A key part of the venture is a video featuring veteran South African actor John Kani urging support of localisation and the manufacturing sector, which will be aired on national television.
Watch the Buy Back SA campaign advert:
The ad was paid for by both the government and private sector. “This is a clear sign of the close working relationship that is in the process of being built between government and industry, and one that we think can be strengthened and deepened in a number of ways,” Davies said.
Festive season spending
“We are launching the first phase of this campaign before the festive season because we want to impress upon consumers and stakeholders in the private and public sectors the importance of buying locally manufactured goods and products,” Davies said.
South African manufacturers, he said, made products of good quality, available at reasonable prices.
“We want to encourage people to buy these products because this has significance in terms of job creation, revenue generation and service delivery improvement.”
The South African government has developed a number of policy instruments to support localisation, the minister said. These include local sectors and products – including clothing and textiles, buses, rolling stock and power pylons – the DTI has designated for government procurement under the Preferential Public Procurement Finance Act.
“We have also reviewed and put in place a new policy framework for the National Industrial Participation Programme to oblige overseas companies that have benefitted from state contracts above $10-million to invest a percentage of the contract directly into the productive sectors of the economy, wherever possible in the sector in which they are involved,” Davies said.
Company procurement is key
The minister said buying local is not only for consumers.
“It is also crucially about companies – especially large retailers with large procurement budgets and supply chains – supporting local manufacturers – not only because this is in the national interest but because there are very often sound commercial reasons for doing so related to total cost of ownership: after-sales service, quick response, security of supply, niche product requirements, quality assurance and so forth.”
The Manufacturing Circle represents many big South African manufacturing concerns. About 80% of the country's manufacturers procure some 40% of their input locally. Coenraad Bezuidenhout, executive director of the body, said at the campaign launch that South Africans had stopped giving preference to local goods.
“For manufacturers, the last couple of years have been quite difficult,” he said.
After the Manufacturing Circle, Proudly South African and Absa bank contributed the initial funding, Buy Back SA will now need another R12-million to continue the campaign.
"I want to appeal to the private sector," Davies said. "We need to expand this campaign." He invited companies to register by emailing info@buybacksa.co.za.
International precedent
Davies said the Buy Back SA campaign, while a government initiative, was not inappropriate for a free market economy.
In the US, the Buy America campaign was an integral part of efforts to rebuild that country's economy after the 2008 crisis. A close partnership between the government, private sector and further education institutions, Buy America was also an effort to save and create jobs.
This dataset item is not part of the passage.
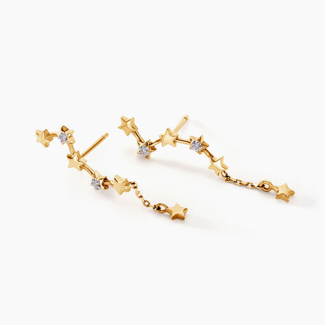 Boucles D'oreilles Pendantes Orion Or Jaune Oxyde De Zirconium

“The US economy has reportedly created 500 000 new high-quality jobs in the manufacturing sector since 2010, with 50 000 of these directly attributable to those efforts,” Davies said.
International and local competition
Many African countries are rich in commodities, but development is held back by an inability to turn those commodities into manufactured goods. The more resources countries take out of the ground and export, unprocessed, to foreign buyers, the more intrinsic capital is lost.
Manufacturing creates jobs and skills, and established manufacturing industries create a base of skills, capital and production infrastructure that can cushion country against the often irrational shocks inflicted by the global economy.
Other than the 2008 meltdown, the over-valuation and volatility of the rand has also undermined South Africa’s manufacturing competitiveness, as have higher electricity, transport and labour costs, and strike action.
Manufacturing has also suffered from local competition. Over the past two decades, the sector’s contribution to the South African economy has been gradually eroded by other industries, particularly the services sector. In 1994, manufacturing’s contribution to GDP at market prices was 20.9%. In 2012 it was 12.4%.